- Provided material -
★ ★ ★

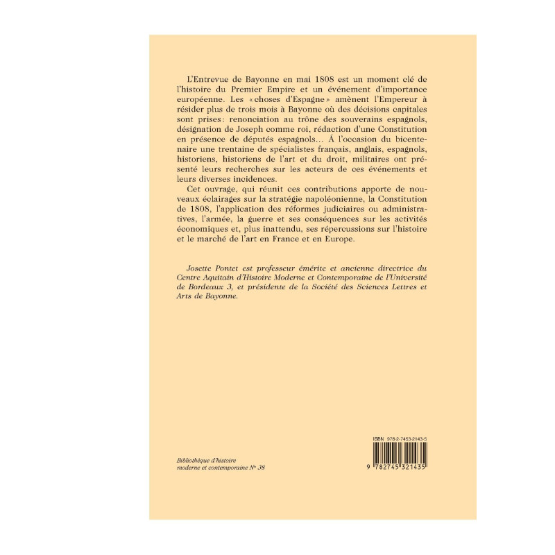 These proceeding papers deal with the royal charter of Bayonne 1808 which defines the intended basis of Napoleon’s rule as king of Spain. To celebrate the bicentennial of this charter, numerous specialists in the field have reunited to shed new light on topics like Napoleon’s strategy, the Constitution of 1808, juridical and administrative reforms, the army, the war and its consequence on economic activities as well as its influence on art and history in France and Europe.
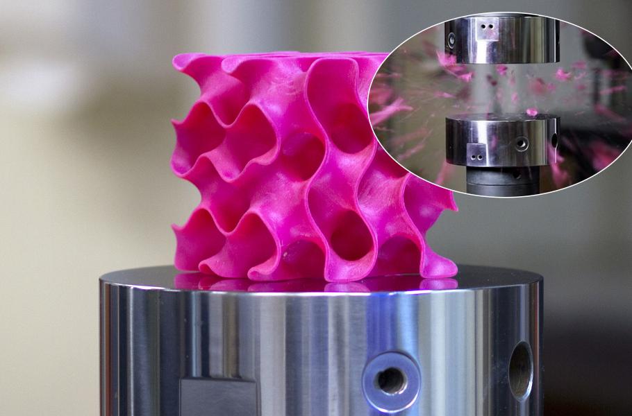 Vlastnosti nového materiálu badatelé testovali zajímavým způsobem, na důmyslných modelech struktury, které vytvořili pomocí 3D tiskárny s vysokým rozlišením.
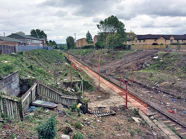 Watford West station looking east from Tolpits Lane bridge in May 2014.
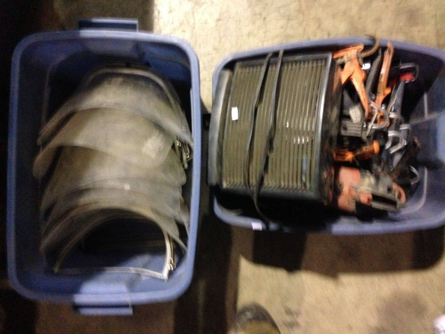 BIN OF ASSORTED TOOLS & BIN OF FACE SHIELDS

★ ★ ★

Only the text of the listing above is copied, exactly as written; its pictures are dropped.

 These proceeding papers deal with the royal charter of Bayonne 1808 which defines the intended basis of Napoleon’s rule as king of Spain. To celebrate the bicentennial of this charter, numerous specialists in the field have reunited to shed new light on topics like Napoleon’s strategy, the Constitution of 1808, juridical and administrative reforms, the army, the war and its consequence on economic activities as well as its influence on art and history in France and Europe.
 Vlastnosti nového materiálu badatelé testovali zajímavým způsobem, na důmyslných modelech struktury, které vytvořili pomocí 3D tiskárny s vysokým rozlišením.
 Watford West station looking east from Tolpits Lane bridge in May 2014.
 BIN OF ASSORTED TOOLS & BIN OF FACE SHIELDS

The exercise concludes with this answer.